Meglio forse sarebbe tentare una lista di ciò che mi ha incuriosito e colpito, così, alla rinfusa: come si fa magari con i vecchi giocattoli che un giorno ritrovate in soffitta. Dal Guerin Meschino al Museo delle Cose, tanto per dire. E a lungo potrei dilungarmi.

Invece provo a tirare una riga e vi dico che questo libro del ritorno, questo libro dei legami con una terra che è come la casa di famiglia, è prima di tutto un libro sui confini.

E non solo perché la Val di Chienti è un serpente che si snoda da una regione all'altra senza dar segno di cambiamento, tanto che si dice che il tetto di una casa lasci cadere la terra piovana in terra umbra da una parte e in terra picena dall'altra.  Fossero così semplici, i confini.

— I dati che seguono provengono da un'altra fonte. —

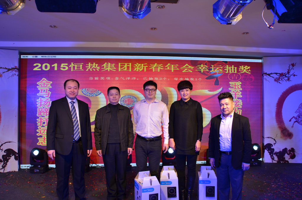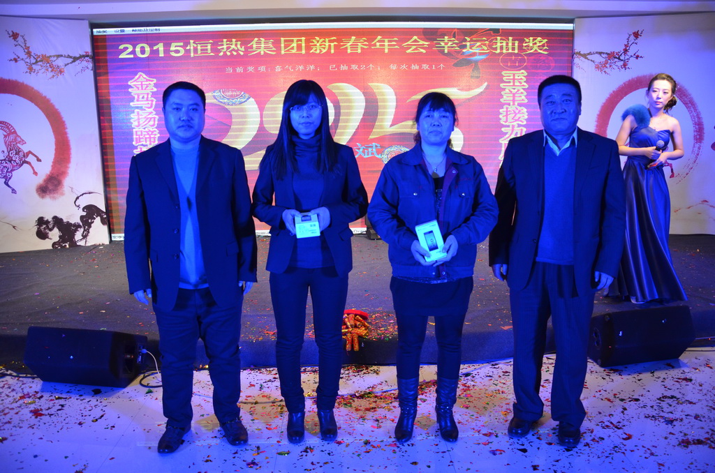 2015年2月14日上午10點整,在集團公司五樓會議室召開了“2015恒熱集團新春聯歡會”,出席本次活動的領導有:集團公司總裁楊寶江、集團公司執行總裁高敏、集團公司副總裁楊立國、財務總監劉大治、行政總監林皓、運營總監關軍、紫城地產公司總經理劉桂權、世奧車檢公司總經理韓繼忠、熱安安裝公司總經理張春明、恒熱保溫公司總經理王連民、恒熱商砼公司總經理萬學爽、易彬園林公司總經理楊彬等有關領導和全體員工們。

C'è anche il confine che separa i tempi di una terra che, soprattutto dopo il terremoto, sta cambiando troppo rapidamente - e vai a sapere se il gioco valga davvero la candela. C'è il confine tra il prima e il dopo nella vita di chi scrive. E c'è il confine che a volte traccia una distanza tra chi scrive, appunto, e la sua opera. Magari consegnata al mondo con un altro nome.

Non faceva così anche il grande Fernando Pessoa, con i suoi eteronimi? Ecco i suoi versi, che si fanno titolo:

E così sui binari in tondo
gira, per intrattenere la ragione,
questo trenino a molla
che si chiama cuore

Il cuore: che poi, tra tanti confini, è ciò che sa sempre andare al di là. E scoprirne le ragioni.